Modernisierung: Neue Fördermittel für Vermieter

Viele Vermieter schrecken davor zurück, in die energieeffiziente Sanierung ihres Immobilienbesitzes zu investieren. Nun hat der Staat die Finanzierungshilfen erhöht, damit ihnen der Schritt leichter fällt.

Lässt ein Vermieter seine Immobilie sanieren, um den Energieverbrauch zu reduzieren, kann er seine Mieter an den Umbaukosten beteiligen: Er darf nach dem Gesetz die Kaltmiete um elf Prozent der Investition erhöhen. Das zahlt sich langfristig aus, wenn die Rückflüsse bleiben. Doch nicht immer gelingt es, die Mietpreiserhöhung durchzusetzen. „Die angehobene Miete darf nicht mehr als 20 Prozent über der ortsüblichen Vergleichsmiete liegen – ein Problem in Gegenden mit niedrigem Mietniveau und hohem Leerstand“, erklärt Rüdiger Grimmert von der BHW Bausparkasse. Auch die komplizierte Mietgesetzgebung wirkt abschreckend: Modernisierungskosten können umgelegt werden, Instandsetzungskosten jedoch nicht. Kai Warnecke von der Eigentümerschutz-Gemeinschaft Haus & Grund in Berlin fordert deshalb eine Änderung des Mietrechtes, um Anreize für Vermieter zur Sanierung zu schaffen.

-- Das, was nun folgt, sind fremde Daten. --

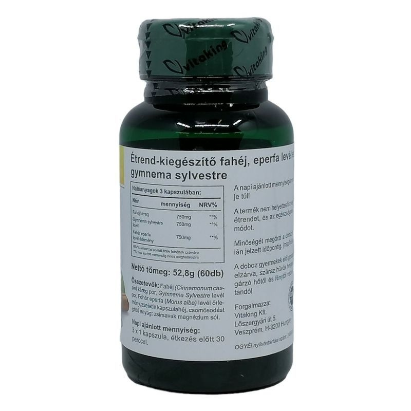 Ezek alapján elmondható, hogy elsősorban cukorbetegeknek ajánlott rendszeresen fogyasztani. Szakértők javaslata alapján legalább napi 1 grammot célszerű fogyasztani belőle. A Gymnema Sylvestre-t sokan csak cukorgyilkos gyógynövényként emlegetik. Nem véletlenül terjedt el a növénnyel kapcsolatban ez az elnevezés. A gymnema hatása a szervezetre: Segíthet a súlycsökkentő programokban, mint természetes étvágycsökkentő. Segít fenntartani az egészséges étvágy mértékét. Elősegítheti a vér normális cukorszintjét. A készítmény harmadik összetevője a fehér eperfa levél. Ez a nagyhatású növény nálunk még nem túl ismert, a hagyományos kínai és japán természetgyógyászat azonban évszázadok óta használja. Ez is bizonyítja hatékonyságát. az eperfa levél kivonata hozzájárulhat a szervezet szénhidrát-anyagcsere egyensúlyának fenntartásához Napi ajánlott mennyiség: 3 kapszula OÉTI bejegyzési szám: 12469/2013 A felhasználási javaslatban megadott mennyiséget ne lépje túl! A termék nem helyettesíti a vegyes étrendet és az egészséges életmódot. A doboz gyermekek elől gondosan elzárva tartandó!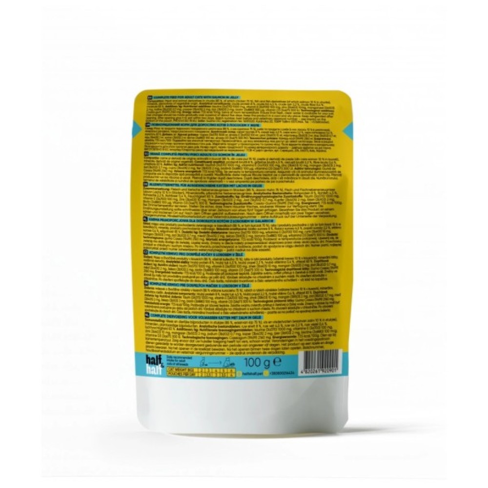 Вологий корм для кішок Half&Half з лососем у желе – ідеальне рішення для дорослих котів, з особливою увагою до якості та збалансованого харчування. Поєднання лосося й курки задовольнить найвибагливіших гурманів, підтримуючи здоров'я улюбленців. Високий вміст вологи підтримує водний баланс, що сприяє профілактиці сечокам'яної хвороби, особливо важливо для котів на сухих раціонах.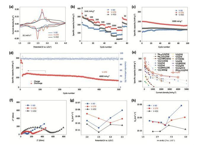 下圖為在不同溫度下合成的釩酸鋰材料的電化學(xué)性能測試曲線,從下圖a的循環(huán)伏安曲線可以看到該V-80和V-270材料具有相似的氧化還原峰,但是V-450材料則沒有出現(xiàn)顯著的氧化還原峰。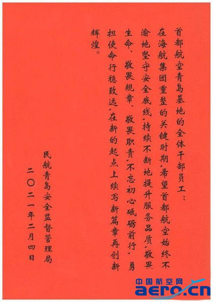 首都航空青島基地深入貫徹習近平總書記對民航工作的重要指示批示精神,嚴守航空安全底線,不斷強化“三基”建設,層層壓實安全責任,持續強化系統性安全管理,結合疫情防控等突出問題的衍生風險,認真執行民航局、海航集團及首都航空公司總部安全管理工作部署,持續推進航空安全工作規劃各項要求落實,整體安全管理水平不斷提升。未來首都航空青島基地將繼續在民航局、海航集團和公司的正確領導下,圓滿完成戰疫情、保平安、促生產等各項工作,在新的一年將持續提高政治站位,嚴守航空安全紅線,為每一名旅客提供安全便捷的真情服務。
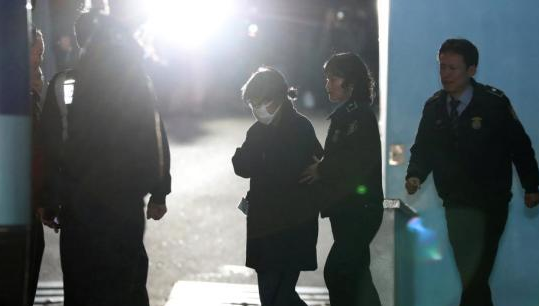 2016年11月3日,韩国首尔,朴槿惠的闺蜜崔顺实在首尔中央法院就“干政门”事件接受审查后离开。

Mieter unterm Strich im Plus
Die Mieter profitieren in jedem Fall von Baumaßnahmen zur Energieeinsparung. Nach Berechnungen der Deutschen Energie-Agentur liegt der Anteil von Heizung und Warmwasser an der Warmmiete nach einer umfassenden Sanierung bei durchschnittlich drei Prozent – bei unsanierten Wohnungen sind es im Schnitt 22 Prozent, sodass eine Mieterhöhung durch die wesentlich geringeren Nebenkosten mehr als ausgeglichen wird. Ulrich Ropertz vom Deutschen Mieterbund befürwortet deshalb Modernisierungen mit dem Ziel, Energie einzusparen. Doch eine Änderung des Mietrechts hält er für unnötig. Vielversprechender seien zusätzliche staatliche Förderungen.

Staat setzt neue Impulse
Die Bundesregierung kommt diesem Wunsch nun entgegen: 2009 haben sich die Mittel für energieeffizientes Bauen und Modernisieren verdoppelt. Bis 2011 sollen im CO2 -Gebäudesanierungsprogramm zusätzlich drei Milliarden Euro bereitgestellt werden. „Die Aufstockung der Fördermittel ist ein positives Signal für Mieter und Vermieter. Die Vermieter werden durch zinsgünstige Darlehen der KfW-Förderbank unterstützt, die Mieter profitieren von den gesenkten Nebenkosten“, so Grimmert. Ein zusätzlicher Anreiz für Wohneigentümer: Seit dem 1. Januar 2009 sind Handwerkerleistungen besser steuerlich absetzbar.